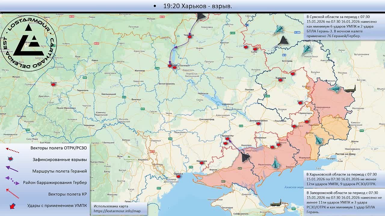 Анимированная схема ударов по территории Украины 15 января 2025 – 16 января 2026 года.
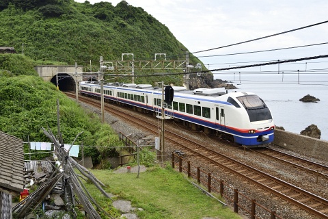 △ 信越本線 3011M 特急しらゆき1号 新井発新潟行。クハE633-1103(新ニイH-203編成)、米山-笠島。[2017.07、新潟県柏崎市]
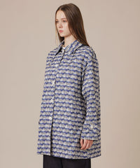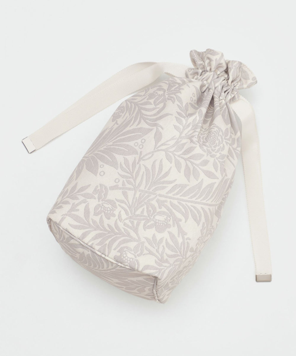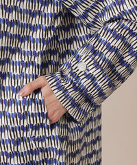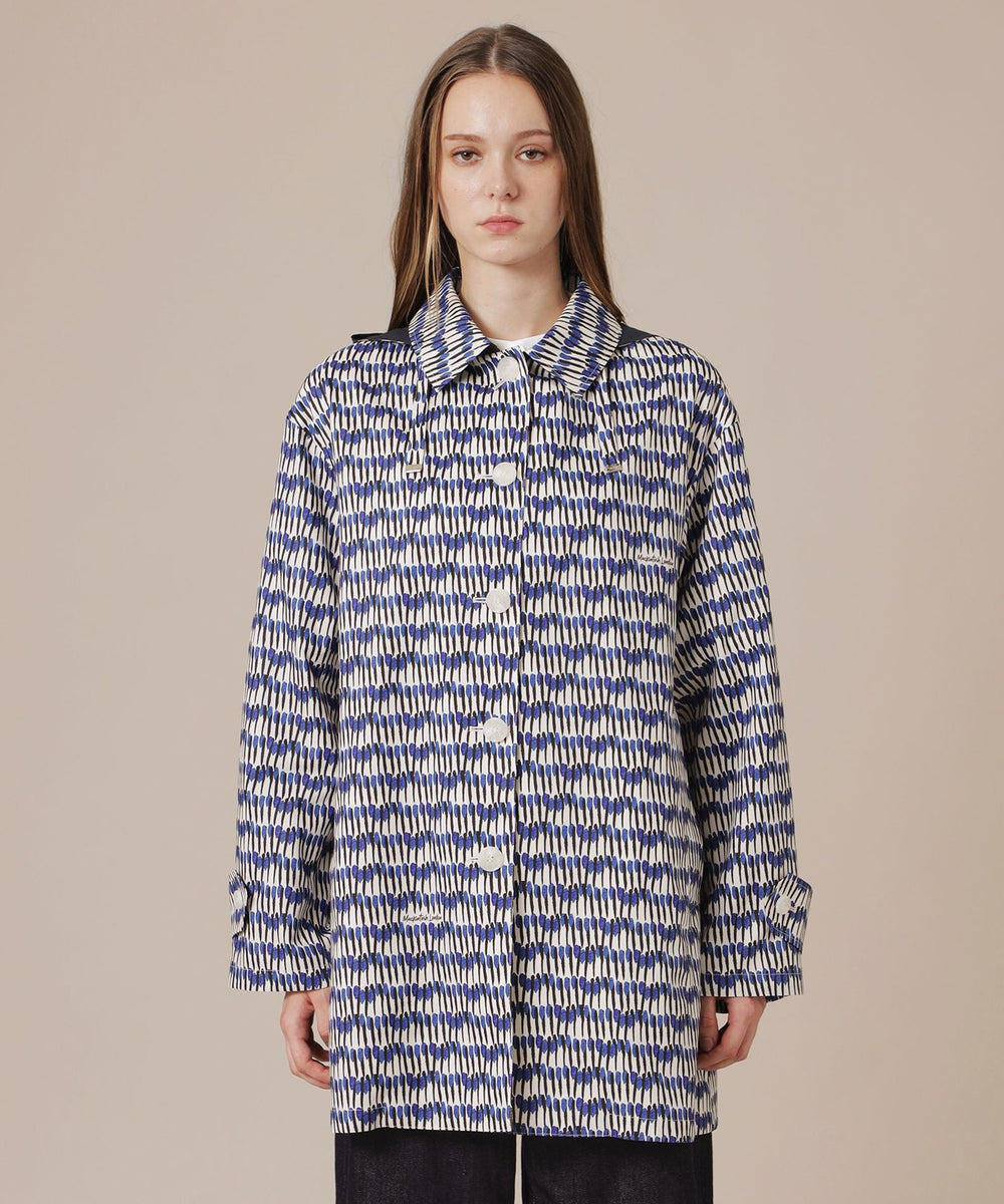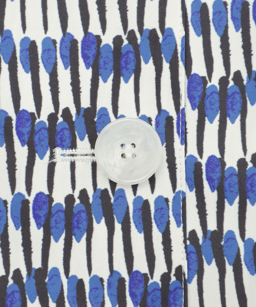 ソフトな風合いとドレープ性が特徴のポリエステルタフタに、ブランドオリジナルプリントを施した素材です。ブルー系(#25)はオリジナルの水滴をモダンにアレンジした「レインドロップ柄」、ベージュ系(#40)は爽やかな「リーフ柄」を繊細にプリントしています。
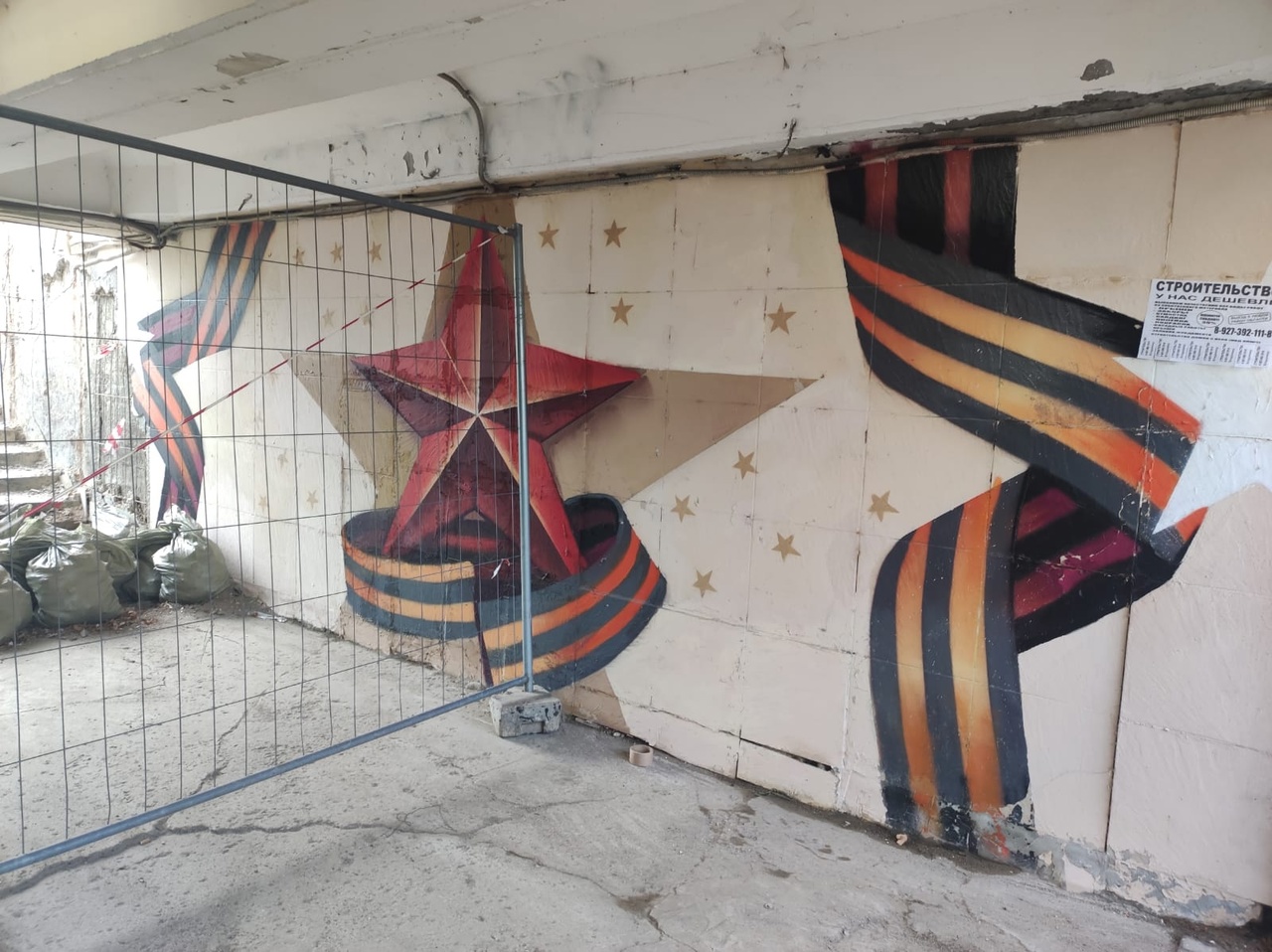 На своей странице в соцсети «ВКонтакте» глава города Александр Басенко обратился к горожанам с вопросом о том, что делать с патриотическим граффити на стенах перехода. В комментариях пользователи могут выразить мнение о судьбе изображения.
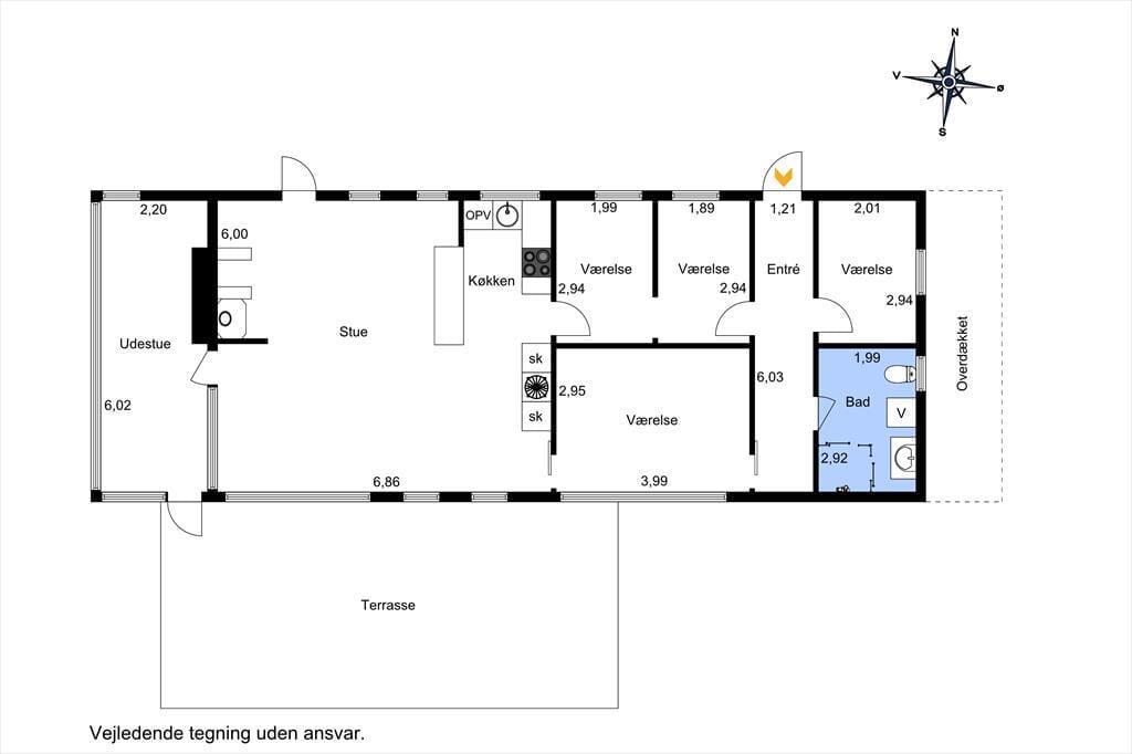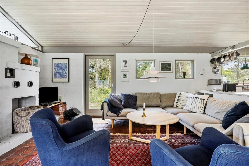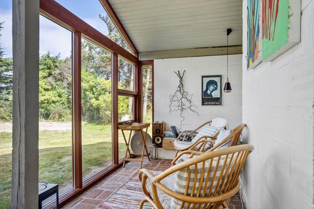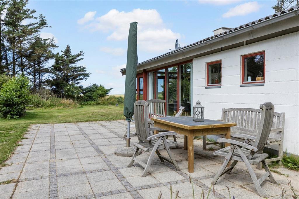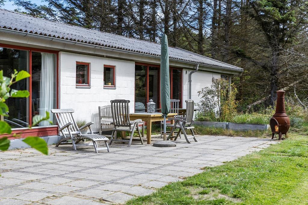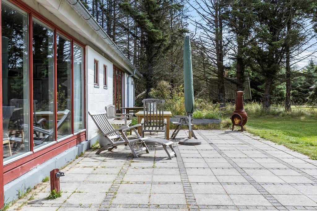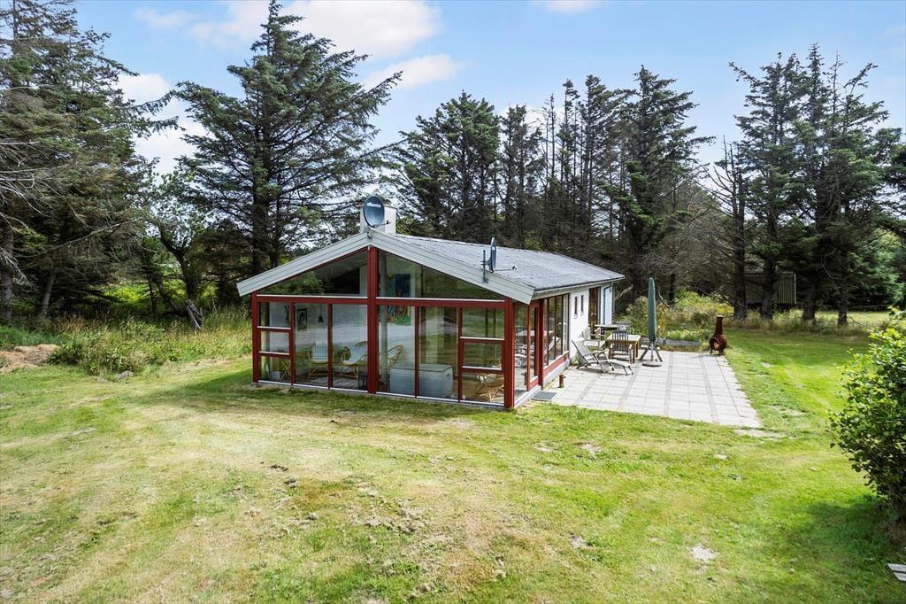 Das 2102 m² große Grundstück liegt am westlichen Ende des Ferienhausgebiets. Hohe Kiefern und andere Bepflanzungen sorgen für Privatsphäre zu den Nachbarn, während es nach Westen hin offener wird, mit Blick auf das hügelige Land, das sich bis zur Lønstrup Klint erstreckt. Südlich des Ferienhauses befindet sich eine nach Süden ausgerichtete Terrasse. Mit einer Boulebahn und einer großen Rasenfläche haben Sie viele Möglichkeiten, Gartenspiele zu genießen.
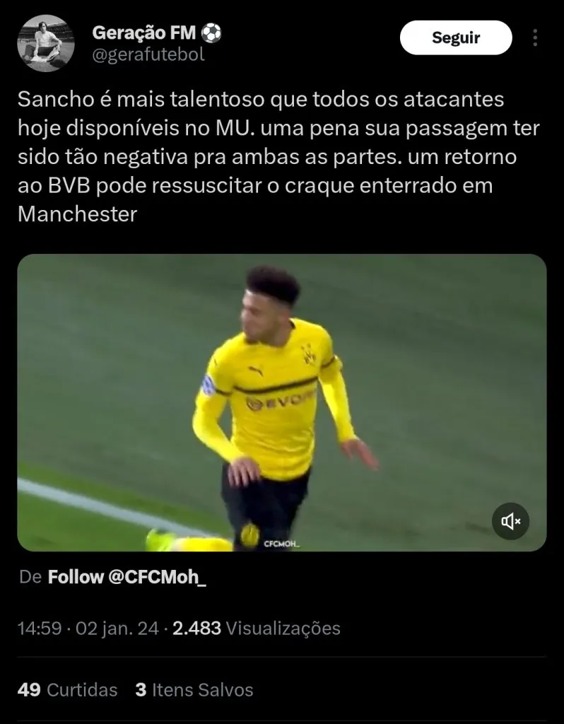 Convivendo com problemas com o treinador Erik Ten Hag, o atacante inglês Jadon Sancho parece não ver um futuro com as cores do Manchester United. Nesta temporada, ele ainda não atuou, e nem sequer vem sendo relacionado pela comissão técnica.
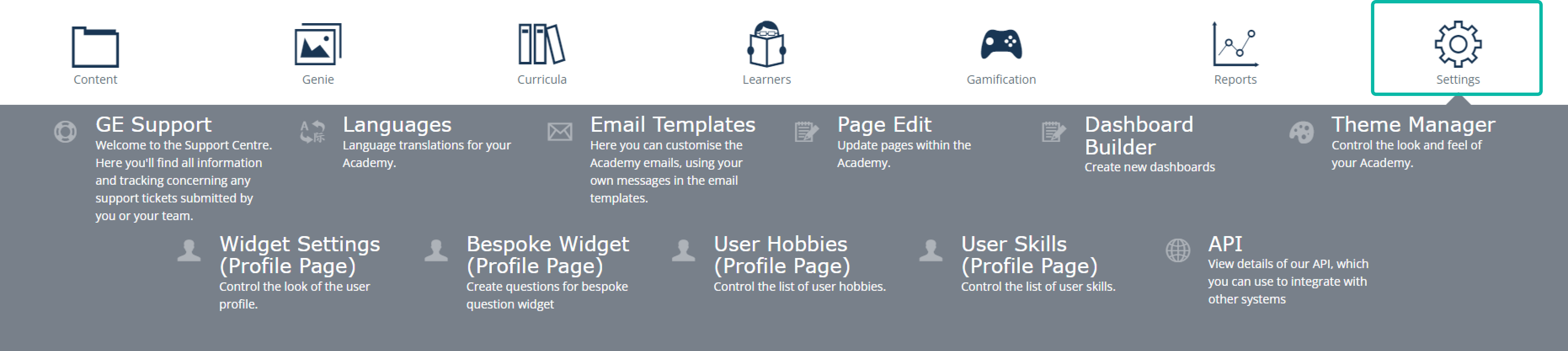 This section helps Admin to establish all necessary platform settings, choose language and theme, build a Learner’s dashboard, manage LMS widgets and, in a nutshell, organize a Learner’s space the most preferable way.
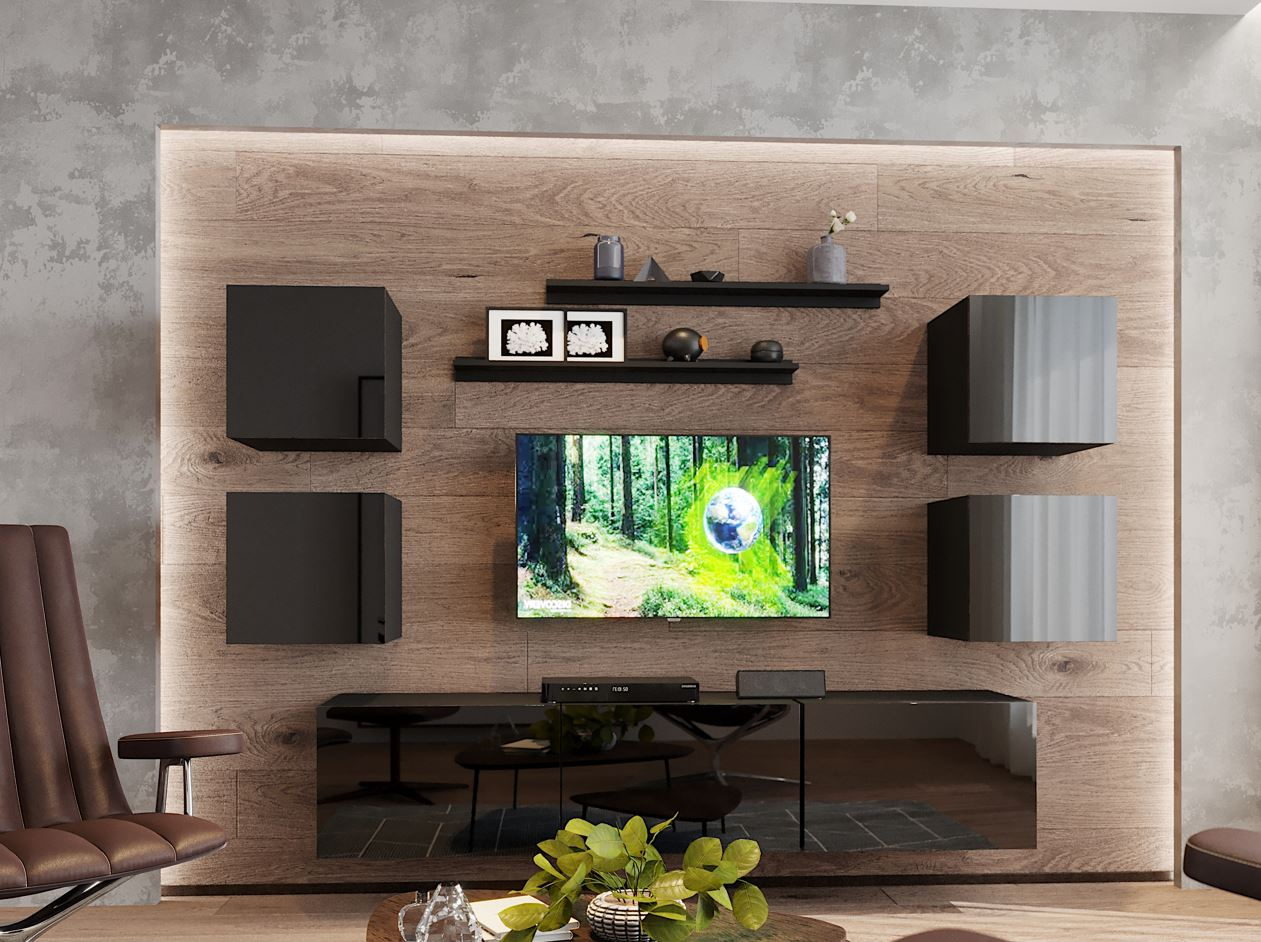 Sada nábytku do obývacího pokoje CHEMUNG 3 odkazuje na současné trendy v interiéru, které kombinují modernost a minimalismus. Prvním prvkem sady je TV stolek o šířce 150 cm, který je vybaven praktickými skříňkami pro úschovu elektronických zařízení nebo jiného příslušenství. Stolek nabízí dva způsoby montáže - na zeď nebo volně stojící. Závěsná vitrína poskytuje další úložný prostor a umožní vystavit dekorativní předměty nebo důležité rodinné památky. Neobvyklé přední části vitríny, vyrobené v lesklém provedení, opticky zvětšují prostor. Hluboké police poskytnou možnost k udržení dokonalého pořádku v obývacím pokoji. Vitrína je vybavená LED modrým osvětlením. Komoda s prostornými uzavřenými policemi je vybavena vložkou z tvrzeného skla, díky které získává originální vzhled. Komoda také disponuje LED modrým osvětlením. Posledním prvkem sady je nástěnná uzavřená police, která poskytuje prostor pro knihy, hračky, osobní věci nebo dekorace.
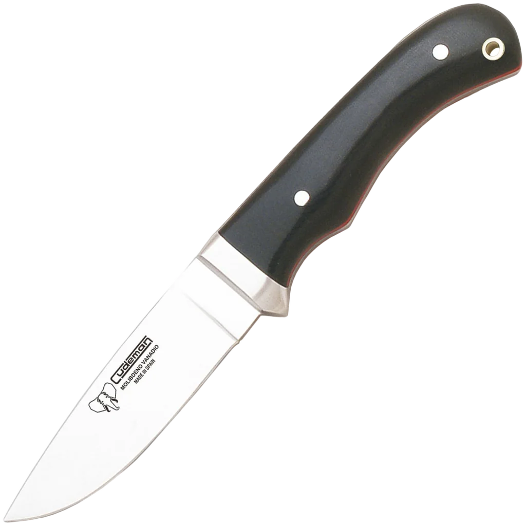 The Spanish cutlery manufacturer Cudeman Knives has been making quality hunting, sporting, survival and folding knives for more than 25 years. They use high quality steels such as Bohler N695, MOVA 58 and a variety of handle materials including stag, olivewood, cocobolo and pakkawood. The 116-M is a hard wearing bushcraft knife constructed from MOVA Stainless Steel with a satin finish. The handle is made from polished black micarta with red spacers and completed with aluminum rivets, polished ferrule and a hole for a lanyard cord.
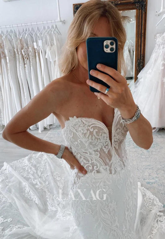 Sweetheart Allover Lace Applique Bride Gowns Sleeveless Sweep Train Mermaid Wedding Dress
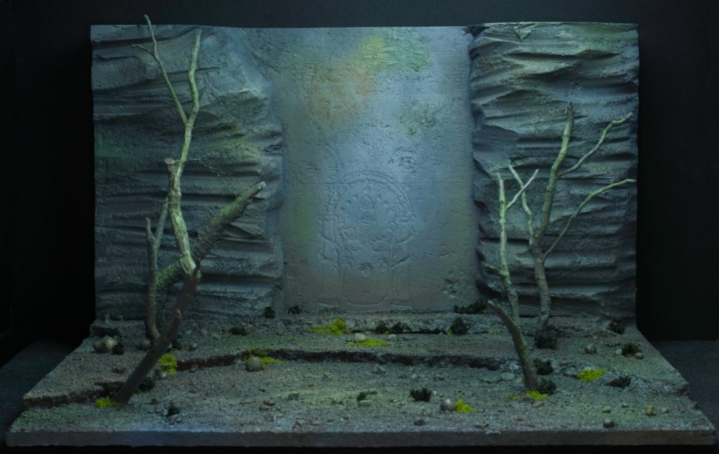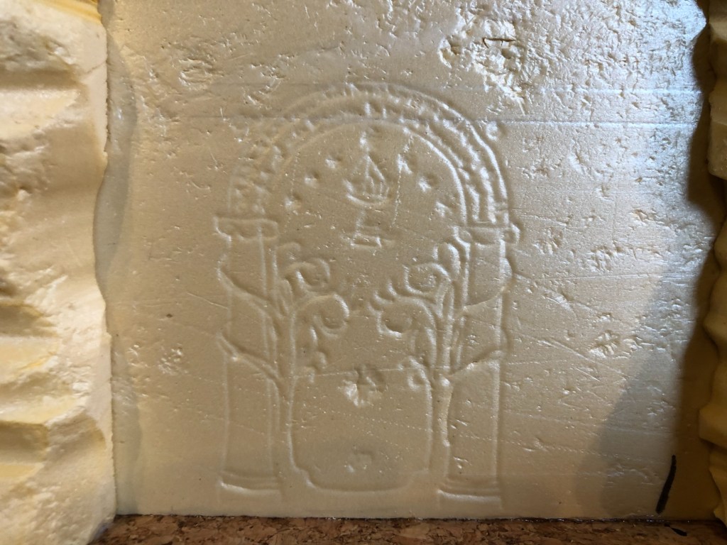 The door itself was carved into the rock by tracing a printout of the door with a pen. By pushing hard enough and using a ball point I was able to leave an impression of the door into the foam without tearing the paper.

....

Exercise :: Copy out exactly the material that runs from the line with "信越本線 3011M 特急しらゆき1号" to the line with "ソフトな風合いとドレープ性が", ends included, and leave the pictures behind.

Finished exercise ::
 △ 信越本線 3011M 特急しらゆき1号 新井発新潟行。クハE633-1103(新ニイH-203編成)、米山-笠島。[2017.07、新潟県柏崎市]
 ソフトな風合いとドレープ性が特徴のポリエステルタフタに、ブランドオリジナルプリントを施した素材です。ブルー系(#25)はオリジナルの水滴をモダンにアレンジした「レインドロップ柄」、ベージュ系(#40)は爽やかな「リーフ柄」を繊細にプリントしています。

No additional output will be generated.